Computational studies of naturalistic behaviors show that the act of acquiring information—whether it is overt
or remains internal to the brain—may indeed have material value, as it increases the chance of success of a future action (Tatler et al., 2011). However, these studies also show that the processes required to compute information value differ markedly from those that have been so far considered in decision tasks. A salient property of this process is that information value depends critically on the subjects’ uncertainty and, in the Rescorla-Wagner CT99021 equation is more closely related with the right side of the equation—the act of learning or modifying expectations. As a simple illustration of this distinction, consider again the tea-making task in Figure 2B. To prepare
and consume her tea, the subject must make both arm and leg actions, and in the reinforcement equation both actions would be assigned a high value term (V). The subject’s gaze, however, is very selectively allocated to the targets of the arm and not the leg actions. This selectivity GSK126 cannot be explained in terms of action value alone but reflects the fact that the arm movements have higher uncertainty and thus more to gain from new information.
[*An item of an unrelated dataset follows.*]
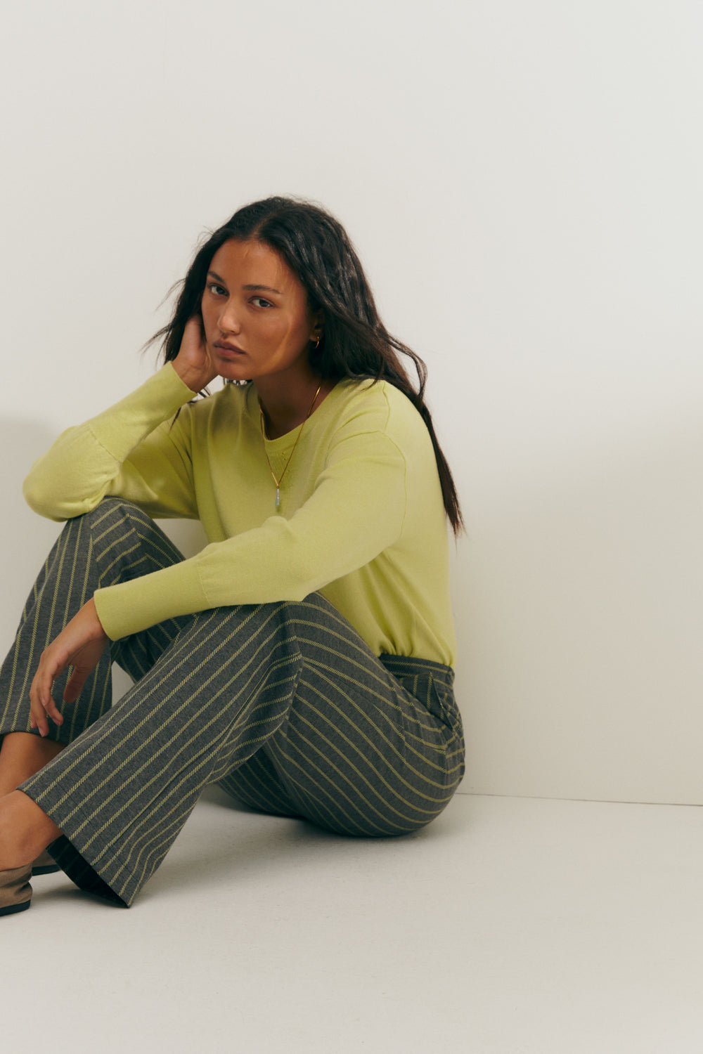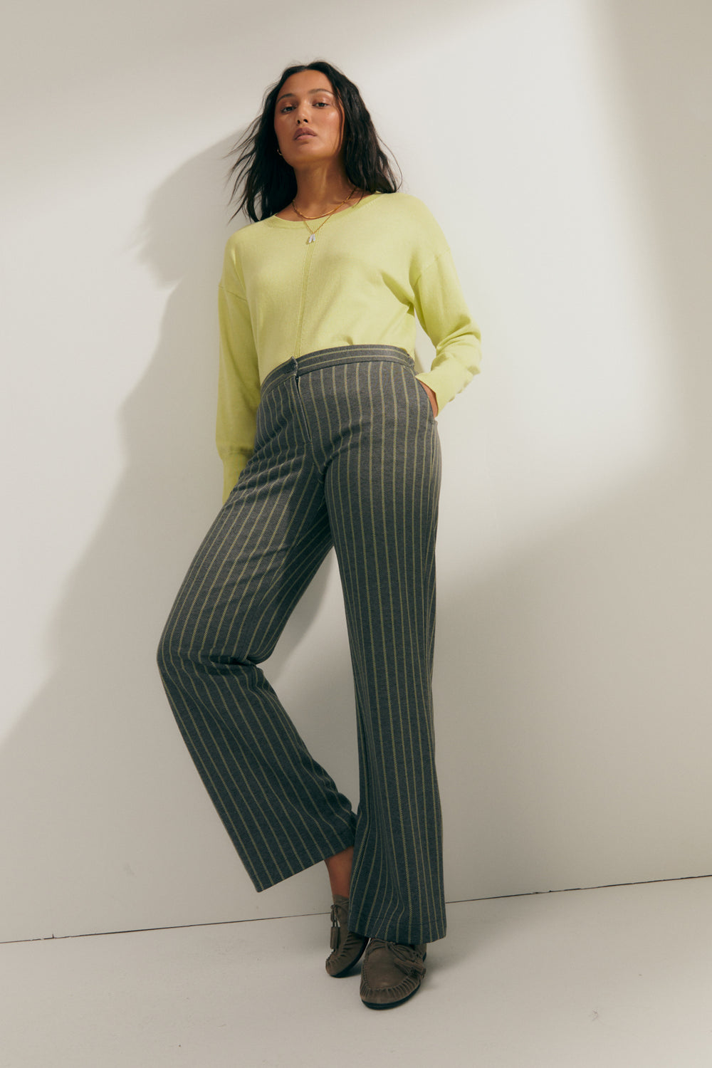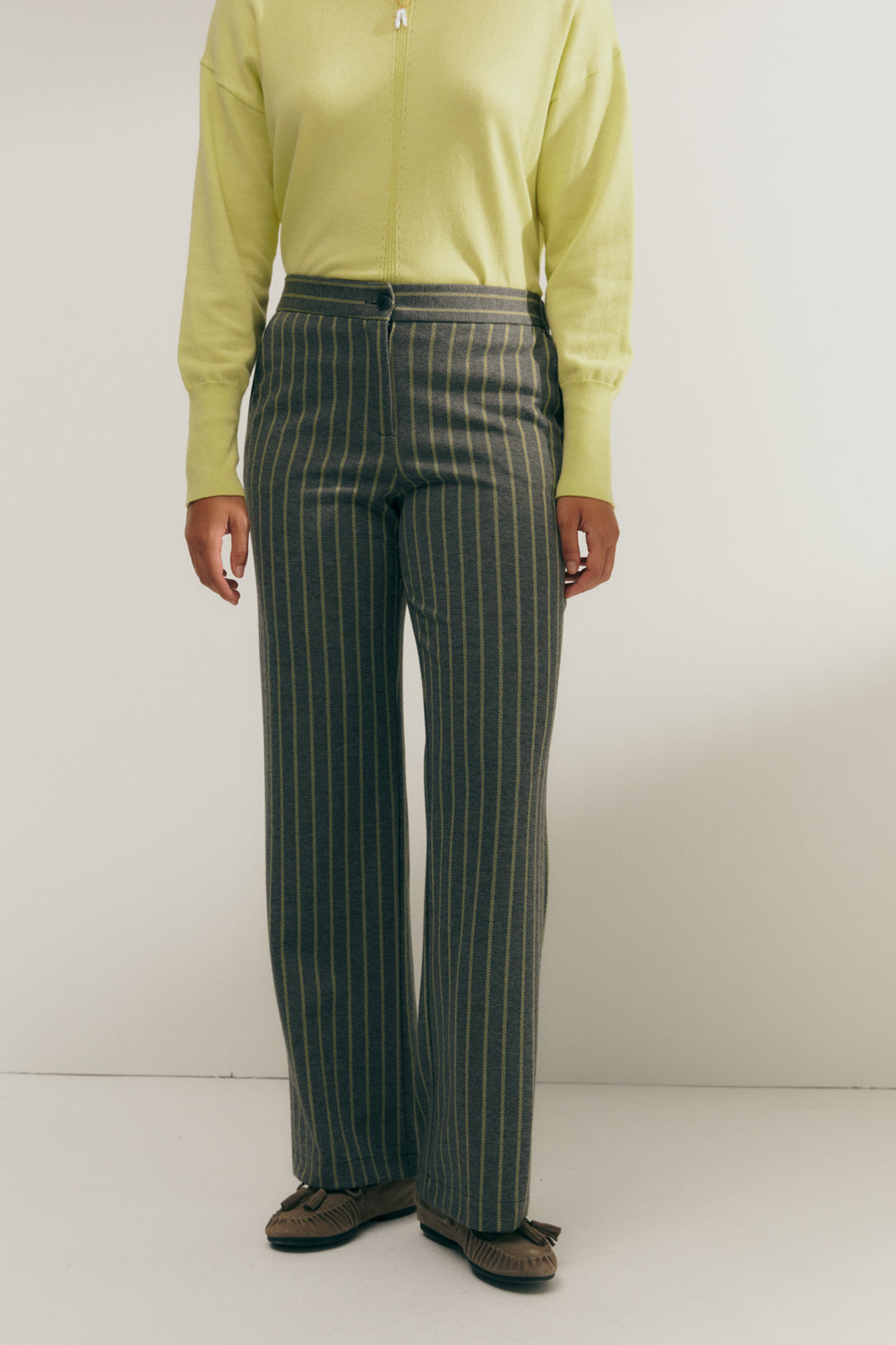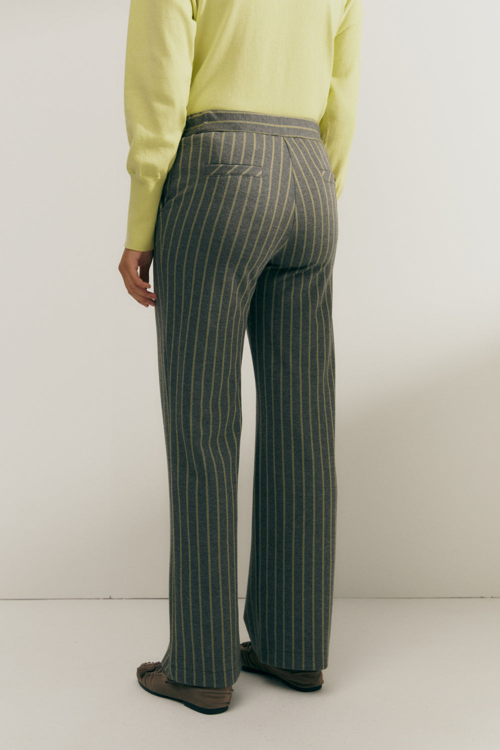 Pantalón recto en punto estampado de raya diplomática. Bolsillos laterales. Cierre con cremallera y botón. Goma elástica en el trasero. Puedes combinarlo con su blazer a juego para conseguir un traje de dos piezas.

Thus, the drive that motivates a shift of gaze is not value per se but the need to learn—i.e., to update one’s predictions through new information. Independent support for a view of attention as a learning mechanism comes from an area of research that has been mostly separate all from the oculomotor field (but see Le Pelley, 2010) but has directly addressed
the cognitive aspects of information selection—namely, the question of how subjects learn from and about sensory cues ( Pearce and Mackintosh, 2010). A central finding emerging from these studies is that subjects estimate the reliability of a sensory stimulus based on their prior experience with that stimulus and use this knowledge to modulate their future learning based on that cue. In the Rescorla-Wagner equation this process is implemented using an associability parameter, α, which is a stimulus-specific learning rate ( Pearce and Mackintosh, 2010): equation(Equation 2) Vt=Vt−1+α∗β∗δVt=Vt−1+α∗β∗δ While, as we have seen above, the standard learning rate β is applied globally to a context or task, associability is a property of an individual cue and can differentially weight the available cues. As I discuss in detail in the following sections, this apparently simple modification entails a complex, hierarchical learning mechanism. It entails an executive process which, having previously learned the predictive validity of a sensory cue, guides the moment by moment information selection—i.e., has in effect learnt how to learn. A final line of evidence for the information-bound nature of eye movement control comes from single-neuron studies of target selection that dissociate shifts of attention from overt shifts of gaze (Gottlieb and Balan, 2010).